INSTRUCTIONS TO FOLLOW
Would you retype exactly the lines below, starting with the one that has "The quote appears" and going on through the one that has "Značka TUNIRO je", with no pictures and nothing else?

MATERIAL FOR THIS TASK

----------

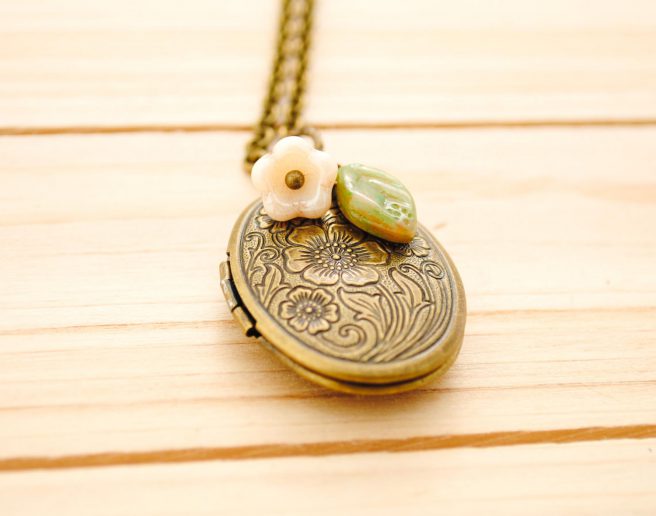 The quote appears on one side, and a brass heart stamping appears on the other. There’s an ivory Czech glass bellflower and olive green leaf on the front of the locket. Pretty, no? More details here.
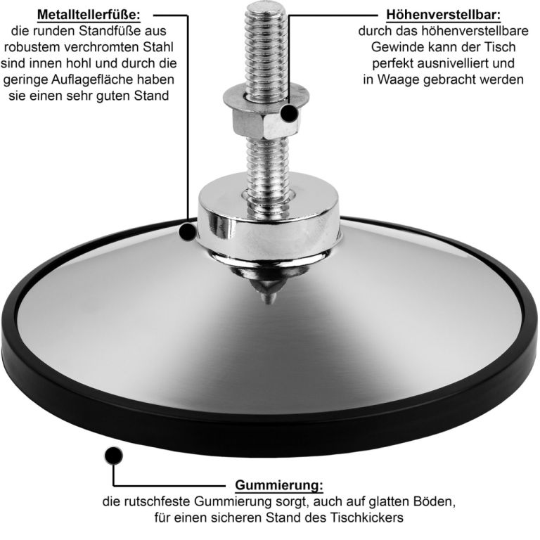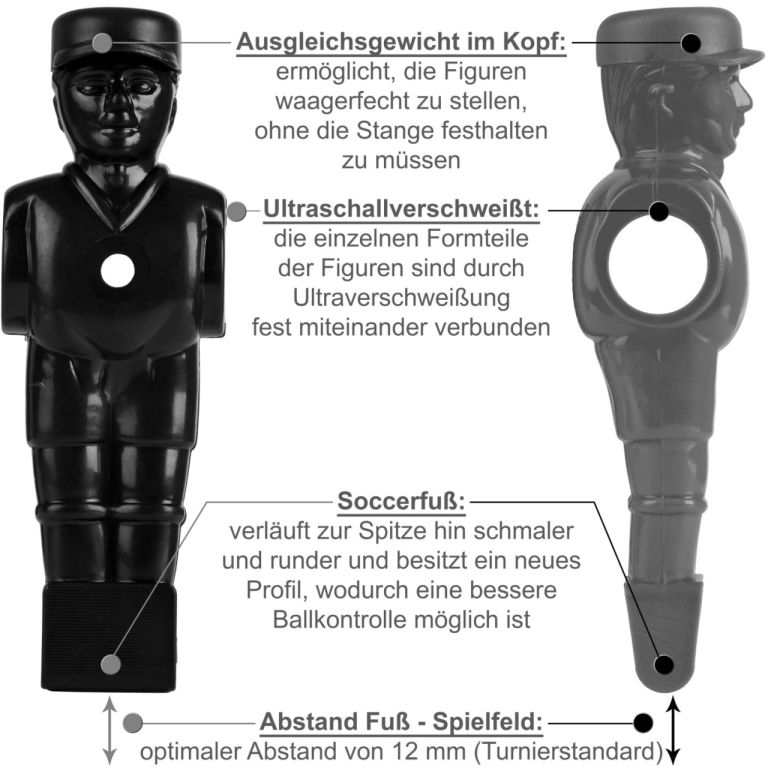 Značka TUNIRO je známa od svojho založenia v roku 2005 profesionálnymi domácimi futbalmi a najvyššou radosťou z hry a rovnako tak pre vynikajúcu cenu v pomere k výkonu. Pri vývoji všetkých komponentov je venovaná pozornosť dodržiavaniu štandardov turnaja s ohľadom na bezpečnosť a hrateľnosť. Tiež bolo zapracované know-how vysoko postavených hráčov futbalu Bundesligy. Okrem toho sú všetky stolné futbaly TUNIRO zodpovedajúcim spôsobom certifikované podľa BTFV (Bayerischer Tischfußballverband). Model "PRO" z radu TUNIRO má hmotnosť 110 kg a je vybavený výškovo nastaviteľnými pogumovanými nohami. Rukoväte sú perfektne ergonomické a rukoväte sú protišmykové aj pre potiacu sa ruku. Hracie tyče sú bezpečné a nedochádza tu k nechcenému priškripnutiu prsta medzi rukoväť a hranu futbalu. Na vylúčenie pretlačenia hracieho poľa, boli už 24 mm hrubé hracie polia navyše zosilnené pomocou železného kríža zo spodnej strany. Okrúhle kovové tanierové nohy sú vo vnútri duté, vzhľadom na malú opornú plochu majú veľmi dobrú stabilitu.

----------

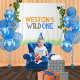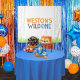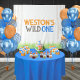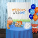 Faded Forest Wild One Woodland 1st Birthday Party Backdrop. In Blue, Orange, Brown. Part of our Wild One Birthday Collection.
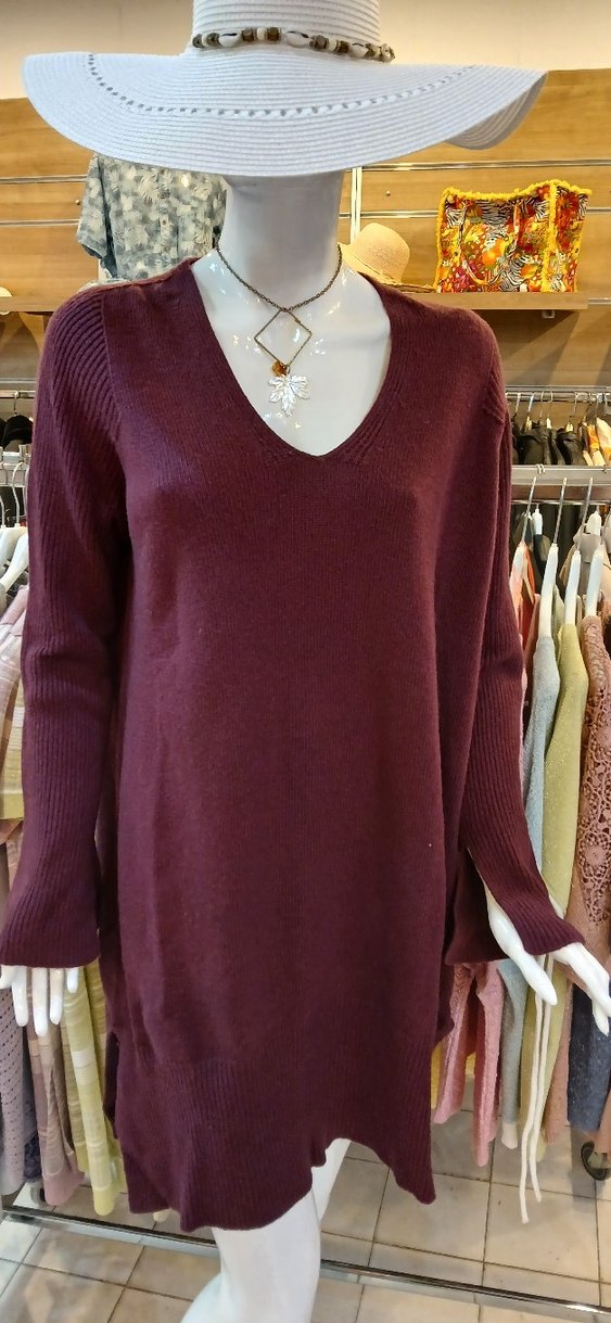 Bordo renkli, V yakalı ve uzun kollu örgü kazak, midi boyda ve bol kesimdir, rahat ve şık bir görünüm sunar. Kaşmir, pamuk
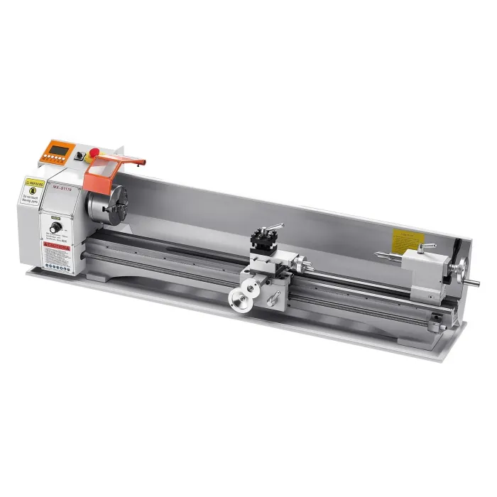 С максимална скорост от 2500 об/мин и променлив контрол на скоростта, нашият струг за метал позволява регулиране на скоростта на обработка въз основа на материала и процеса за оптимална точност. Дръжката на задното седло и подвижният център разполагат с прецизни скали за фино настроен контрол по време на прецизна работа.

----------

RESULT BELOW
 The quote appears on one side, and a brass heart stamping appears on the other. There’s an ivory Czech glass bellflower and olive green leaf on the front of the locket. Pretty, no? More details here.
 Značka TUNIRO je známa od svojho založenia v roku 2005 profesionálnymi domácimi futbalmi a najvyššou radosťou z hry a rovnako tak pre vynikajúcu cenu v pomere k výkonu. Pri vývoji všetkých komponentov je venovaná pozornosť dodržiavaniu štandardov turnaja s ohľadom na bezpečnosť a hrateľnosť. Tiež bolo zapracované know-how vysoko postavených hráčov futbalu Bundesligy. Okrem toho sú všetky stolné futbaly TUNIRO zodpovedajúcim spôsobom certifikované podľa BTFV (Bayerischer Tischfußballverband). Model "PRO" z radu TUNIRO má hmotnosť 110 kg a je vybavený výškovo nastaviteľnými pogumovanými nohami. Rukoväte sú perfektne ergonomické a rukoväte sú protišmykové aj pre potiacu sa ruku. Hracie tyče sú bezpečné a nedochádza tu k nechcenému priškripnutiu prsta medzi rukoväť a hranu futbalu. Na vylúčenie pretlačenia hracieho poľa, boli už 24 mm hrubé hracie polia navyše zosilnené pomocou železného kríža zo spodnej strany. Okrúhle kovové tanierové nohy sú vo vnútri duté, vzhľadom na malú opornú plochu majú veľmi dobrú stabilitu.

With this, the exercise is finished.